Василий Голованов - К развалинам Чевенгура
А говорит вот о чем: что, с одной стороны, есть, так сказать, цивилизация, районный центр Россошь, с вокзалом и автовокзалом, крупнейшим на юге заводом сельхозхимии, производством по переработке мяса и молока, двумя рынками, хорошим торговым транзитом и, следовательно, немалыми деньгами, которые и разводят сейчас между собой администрация и местная «оппозиция»; есть для каждого отдельного человека насущные заботы дня, огород, объявления «куплю-продам» и вакансии городской службы занятости – а рядом с этим, за перегородочкой толщиной в мембрану нервной клетки, живет томительный, неуемный порыв человеческого духа на простор, к солнцу, на волю, в бунт, разбой или в Чевенгур.
Психологически Чевенгур – это беспредельность кочевья, пространственное раздолье, неполная, не закрепившаяся еще в генной памяти оседлость. В Европе, где историческое время текло непрерывно, где слои культуры медленно нарастали один на другой, до основы, до глины (важнейший платоновский образ), содрать оболочку культуры не смогли даже очень страшные потрясения. Охранительных слоев разных уровней в Европе великое множество – это многомерная среда обитания, которая в результате многовековых вложений труда обладает собственной энергетикой, исчерпать которую нелегко даже старушке-истории, любительнице пиротехники, публичных казней, войн и прочих проявлений коллективной брутальности.
У нас же историческое время катастрофично; оно в буквальном смысле слова стирает с лица земли и возвращает времени (и глине) все исторические проекты. Где хазарский Итиль? Где булгарский Булгар? Где, наконец, ордынский Сарай? Где Китеж? Катастрофа истории это и есть разрыв, «бунт – бессмысленный и беспощадный», провал в вечность, возвращение в ничто, в Чевенгур. Особенность русского мироустроения и мыслеустроения после революции – «все или ничего». Все сразу не получается; остается ничего – откуда Чевенгур, анархия. Нам мило в нашем ничего.
Зеркальный лабиринт европейской культуры прельщает нас; среди собственного силикатного кирпича нам скучно. Скучно! Поэтому мы готовы к срыву, мы провоцируем катастрофы и несчастья, разрывы исторического времени. Мы требуем жизни на грани времен, на грани бытия – небытия. Отсюда апокалиптические секты, революции, Разин—Пугачев среди почетных граждан, бытовой авантюризм и пьянство – как радикальный экзистенциальный выбор…

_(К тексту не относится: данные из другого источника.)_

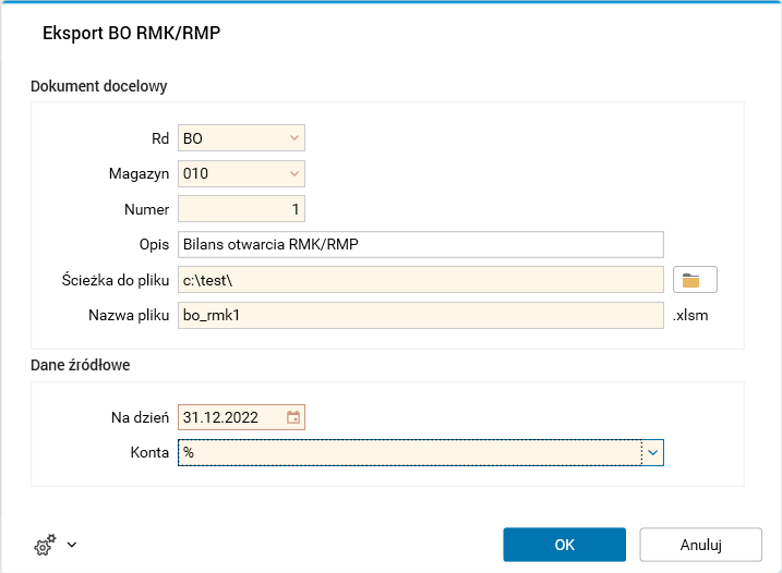 Eksportu wzorców dokonujemy procedurą Eksport BO RMK/RMP. W parametrach procedury w sekcji Dokument docelowy określamy ścieżkę docelową oraz nazwę pliku XLS, który zostanie utworzony przez procedurę. Struktura tego pliku jest zgodna z formatem importu IMPDOK, w związku z czym zawiera informacje opisujące nagłówek i linijki dowodu, niezbędne do jego utworzenia. Ponadto wskazujemy właściwości nagłówka takie jak symbol rodzaju dowodu, symbol magazynu, numer i opis. W sekcji Dane źródłowe określamy, na jaki dzień chcemy pozyskać dane oraz z jakich kont. W tym przypadku będzie to stan na koniec roku 2022, a więc podajemy 31.12.2022.

VНадо рассказать о прыжке на машине с обрыва. Это важно. Это почти принципиально, потому что Чевенгур (как состояние души) таит в себе тоску и порыв, причем обреченный порыв сырого, неочищенного, темного еще духа. Надо было случиться, чтобы испытание этим порывом выпало на меня. Нелегко признавать, что в тебе до поры до времени, для тебя же самого неведомо, таится столько неприрученной дикой тьмы. Но тут, как говорится, факт был налицо. Помню, днем мы что-то заспорили о словах – в Чевенгуре мы уже или нет, – на что Дима Замятин заметил: «Из Чевенгура еще никто не вышел живым». Что ж. После Богучара, свернув с ростовской трассы, попали на прекрасную, пустую сельскую дорогу, постепенно прижимающуюся с юга к Дону. Опьяненный видом цветущей степи и прекрасным запахом сухих трав, я пустил «Пролетарскую Силу» напрямик к берегу степью. Съезжать вниз было не только не нужно, но и нельзя: слишком окаянная вниз обрывалась круча. Ребята вылезли из перегретой кабины и стали медленно сходить к реке. Я завел мотор и подъехал к самому краю. Потом отпустил педаль тормоза и тронул машину вниз. Она пошла, точно по шару. На полпути мотор почему-то заглох. Вместо того чтобы перебросить на скорость, я надавил на тормоз, забыв, что тормоз не держит, – и полетел вниз. Я впервые слышал звук катастрофы, касающийся лично меня, уханье рессор, удары дном о выступы дороги, скрип руля и все гуденье тела автомобиля, которое тоже как будто зачуяло свой смертный час.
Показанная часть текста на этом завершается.